Brief: Using the records below, copy exactly the part that opens with the line holding "Elevate your contemporary" and closes with the line holding "Get the perfect", minus the pictures.

Source information:

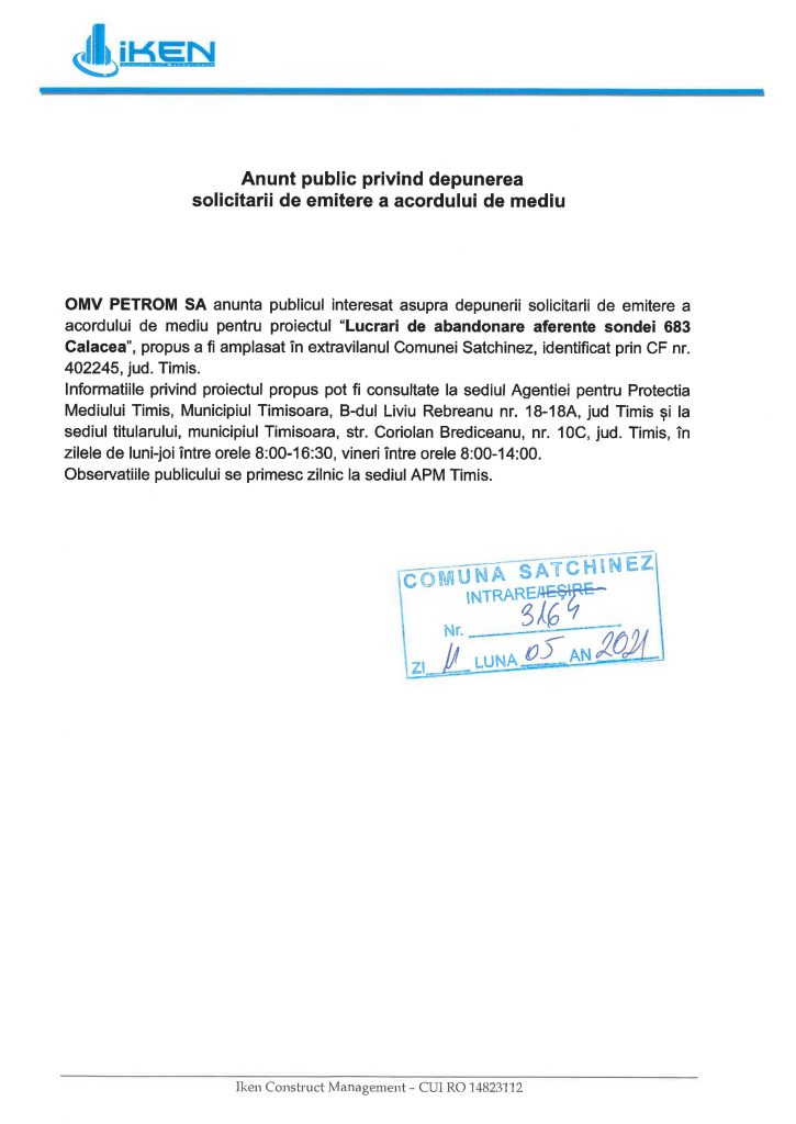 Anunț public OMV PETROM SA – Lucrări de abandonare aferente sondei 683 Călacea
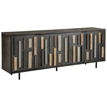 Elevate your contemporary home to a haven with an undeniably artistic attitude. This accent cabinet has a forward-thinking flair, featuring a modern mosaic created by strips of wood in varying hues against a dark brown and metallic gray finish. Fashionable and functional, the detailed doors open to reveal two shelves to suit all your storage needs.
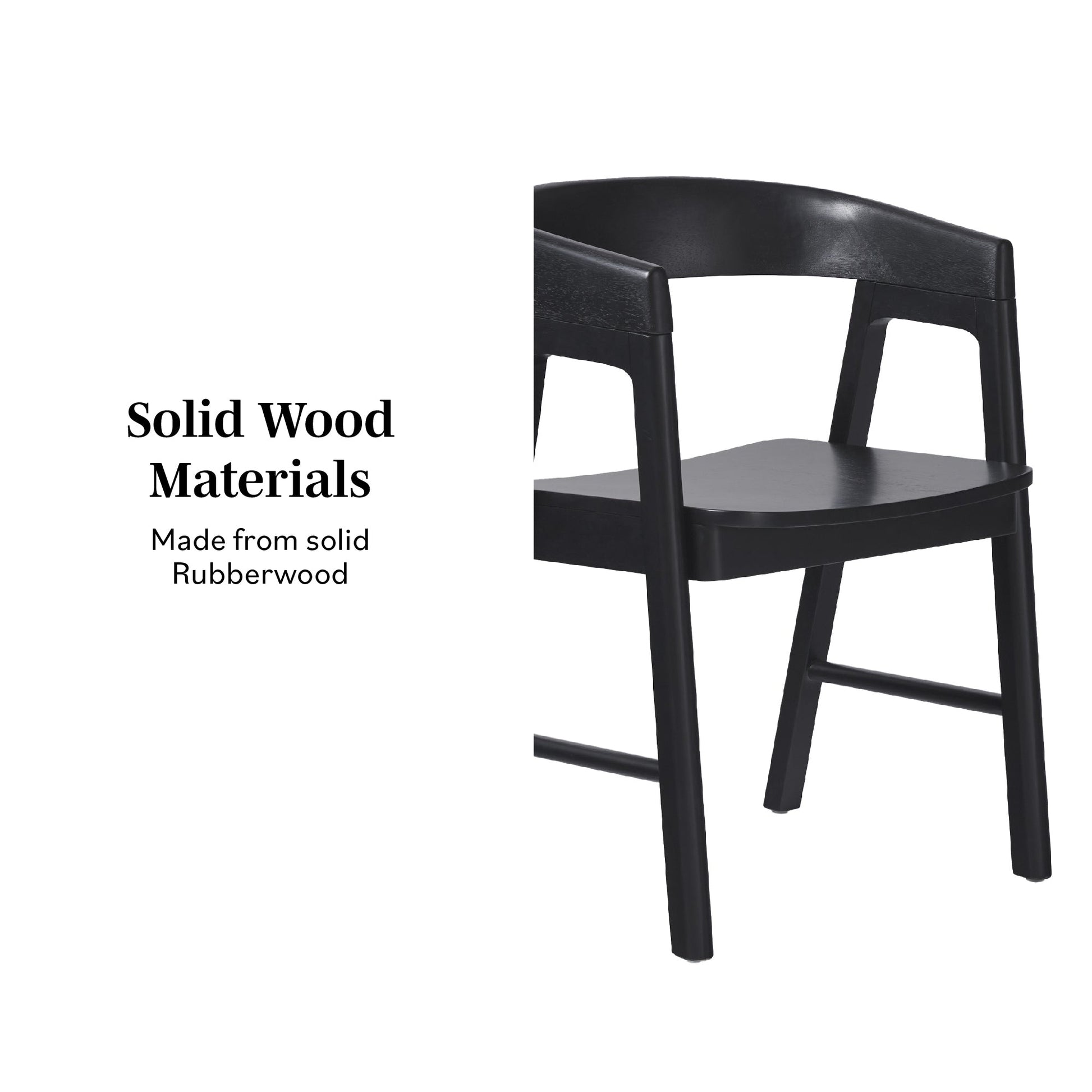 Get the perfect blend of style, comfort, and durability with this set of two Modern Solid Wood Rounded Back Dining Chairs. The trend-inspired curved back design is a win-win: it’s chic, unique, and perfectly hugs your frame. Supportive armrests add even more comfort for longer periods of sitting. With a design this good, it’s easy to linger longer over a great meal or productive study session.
...
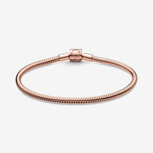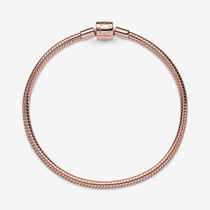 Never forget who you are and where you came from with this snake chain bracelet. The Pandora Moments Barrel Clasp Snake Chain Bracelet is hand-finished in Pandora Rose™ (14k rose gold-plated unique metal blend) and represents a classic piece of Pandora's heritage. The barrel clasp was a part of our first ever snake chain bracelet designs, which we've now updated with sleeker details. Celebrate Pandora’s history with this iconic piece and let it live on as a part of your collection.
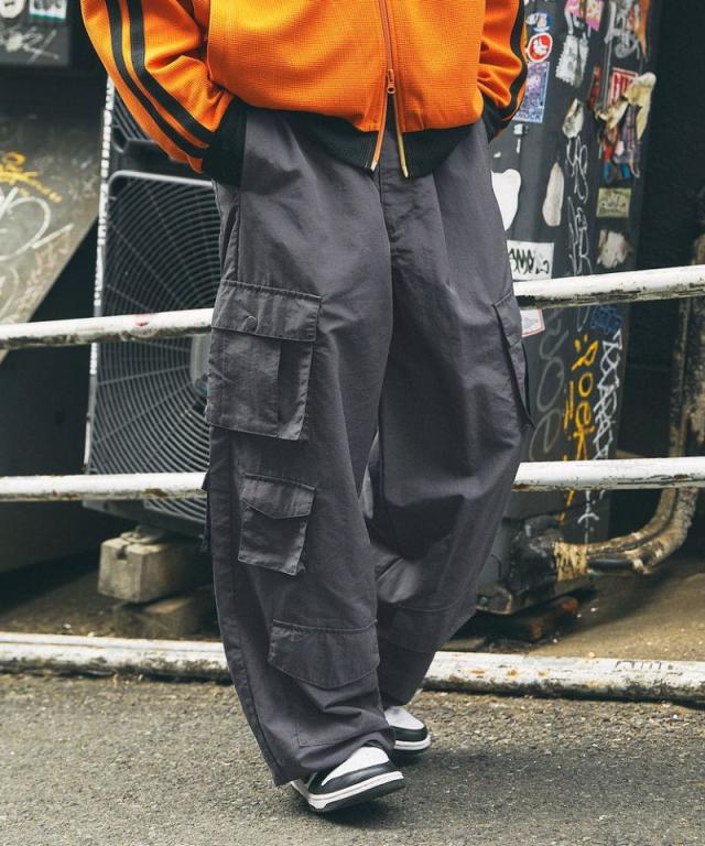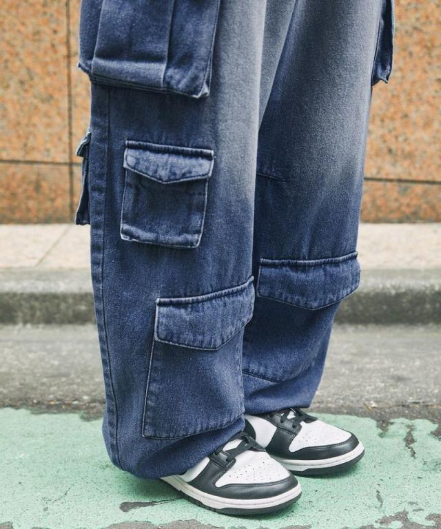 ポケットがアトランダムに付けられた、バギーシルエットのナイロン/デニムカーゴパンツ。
...
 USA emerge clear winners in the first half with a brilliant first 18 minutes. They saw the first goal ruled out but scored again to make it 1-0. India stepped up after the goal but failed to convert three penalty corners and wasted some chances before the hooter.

Task response:
 Elevate your contemporary home to a haven with an undeniably artistic attitude. This accent cabinet has a forward-thinking flair, featuring a modern mosaic created by strips of wood in varying hues against a dark brown and metallic gray finish. Fashionable and functional, the detailed doors open to reveal two shelves to suit all your storage needs.
 Get the perfect blend of style, comfort, and durability with this set of two Modern Solid Wood Rounded Back Dining Chairs. The trend-inspired curved back design is a win-win: it’s chic, unique, and perfectly hugs your frame. Supportive armrests add even more comfort for longer periods of sitting. With a design this good, it’s easy to linger longer over a great meal or productive study session.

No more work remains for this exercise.